Tao Lin, reading, Type Books, 10/20/10

by Carl Wilson

Last night, I was at a reading of Tao Lin‘s. He was late, taciturn, monosyllabic, and more or less unpleasant as a performer, except when he was actually reading his novel, when his voice was resistant to the energy of the work itself, which made me want more.

I had read his poetry and found it funny and charming. I had read his earlier prose and found it so boring I couldn’t keep going. Yet when he read the first five pages of Richard Yates and kinda ducked out, I wanted to know more. It was an autobiographical novel, he acknowledged, in which he search-and-replaced the original character names and changed them to “Hayley Joel Osmont” and “Dakota Fanning” – because those celebrities’ ages corresponded with the characters’ ages at the time the book was set, 2006. I thought, “This provides a visual image, which is what we’re addicted to at the moment. The rest is irrelevant to the story.” It’s not stealing more than the personae people have already chosen to give away.

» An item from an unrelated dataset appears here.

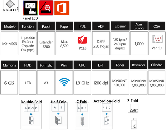 MX-M905 Sistema de alta producción 95 paginas por minuto | |

My friend Kyle Buckley was charged with asking him questions, which is obviously a difficult task, and Kyle probably didn’t feel great about how it went. But Kyle asked him one question that he spoke seriously to: “How do you feel about the number of young writers who imitate you?” (The quotation marks are rough and will continue to be.) Tao Lin said, “I like it. I know that most of the time when people talk about this issue, they do it like they are inventors who got a patent on their invention, and if someone steals it, they should sue. I don’t feel like writing is that.” He stopped and laughed nervously, and the laugh was the voice of global capital going, “Wait, as an artist your style is your brand. You have to protect it.”

Lin was coming back and saying, No, artistic style is a cultural moment. He said that the people who choose to work in the voice he does probably just feel the same way. I think of people my age who write in David Wallace/Dave Eggers rhythms. Lin made sure to say that he thinks individuals are unavoidably unique. So his imitators’ style will therefore be different than his even if it emulates the rhythm, even unwillingly.

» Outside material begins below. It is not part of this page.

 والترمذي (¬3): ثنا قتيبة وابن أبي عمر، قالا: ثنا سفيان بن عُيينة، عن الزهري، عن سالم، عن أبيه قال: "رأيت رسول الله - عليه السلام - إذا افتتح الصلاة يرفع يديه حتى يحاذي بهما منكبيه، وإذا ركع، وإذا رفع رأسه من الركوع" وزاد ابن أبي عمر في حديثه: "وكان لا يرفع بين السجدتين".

Writing, unlike almost every art form, is (at least in the past 40 years of extended-lifespan luxury) usually mediocre when it’s made by people under 30. The dues you pay then are irretrievable. So if his work is shallow, fine – it matters more that it is brave. Since last night I’ve read three-quarters of the new Richard Yates and would say that I got absorbed by and attached to its depressive characters. Also I would say that they are depressive in a way that is political in its extreme apolitical apathy.

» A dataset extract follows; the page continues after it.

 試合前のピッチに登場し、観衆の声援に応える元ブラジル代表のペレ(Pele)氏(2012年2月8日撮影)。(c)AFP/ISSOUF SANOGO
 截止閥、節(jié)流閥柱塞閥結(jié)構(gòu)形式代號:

If you understand it as satire, and commentary, and self-critique, it is more powerful – Lin said last night that he never wants to write a line that isn’t funny “while being other things.” He’s struggling with the barrenness of the landscape, with the emptiness of trying to be heroic as a writer, in an age when heroism is automatically suspect. The people who try to call him out on insincerity are themselves playing a game.

And yet: In his notion of plainness and universalism, he’s not unlike Hemingway, who comes up conspicuously as the “book in the backpack” in his narrative. This idea of plainness reasserts itself again and again in American fiction as an ideal of democracy. There is always this sense that stripping down is the beginning of some more authentic, less evasive encounter.

And I have to say that it’s not my taste: Hemingway irritates me and so does (at least the edited) Raymond Carver, and I prefer the gamble with language made by the stylists whose jokes are not defeatist, whose heroism is not pyrrhic, whose language embraces and spars with existence, and the notion that complication is an opportunity to wrestle rather than a termination of ideals. It seems like the beginning of a life that is more alive.

But if I have to talk honestly, do I think that shoplifting not only goods but language from Whole Foods and American Apparel and Gchat is a less wishful confrontation with the limitations of literary and even emotional life today? I can’t choose between them. Tao Lin’s minimal, depressive narratives ring truer to the ways we don’t aspire but get through days. They seem necessary at least as a foil. The brutality and stupidity – within an urge not to be brutal and stupid, which he and Hemingway share – are not dystopian, just journalistic.

You don’t have to take every writer as saying, This is the last word. Sometimes it can be the first. Then the question is what to do next. If he’s much-imitated, surely it’s not just his thudding rhythm but because starting points seem hard to come by. How do you even survive to 30 without expressing what it’s like to be there? I may never have met a writer less imaginable as a founder of a social network, contrary to his image. And that may not be a writer’s job. If he were a painter, no one would blink at his blankness. He makes me think: Perhaps language now is more like paint. Though I still wish he weren’t clawing at a vagina dentata on the cover of his novel.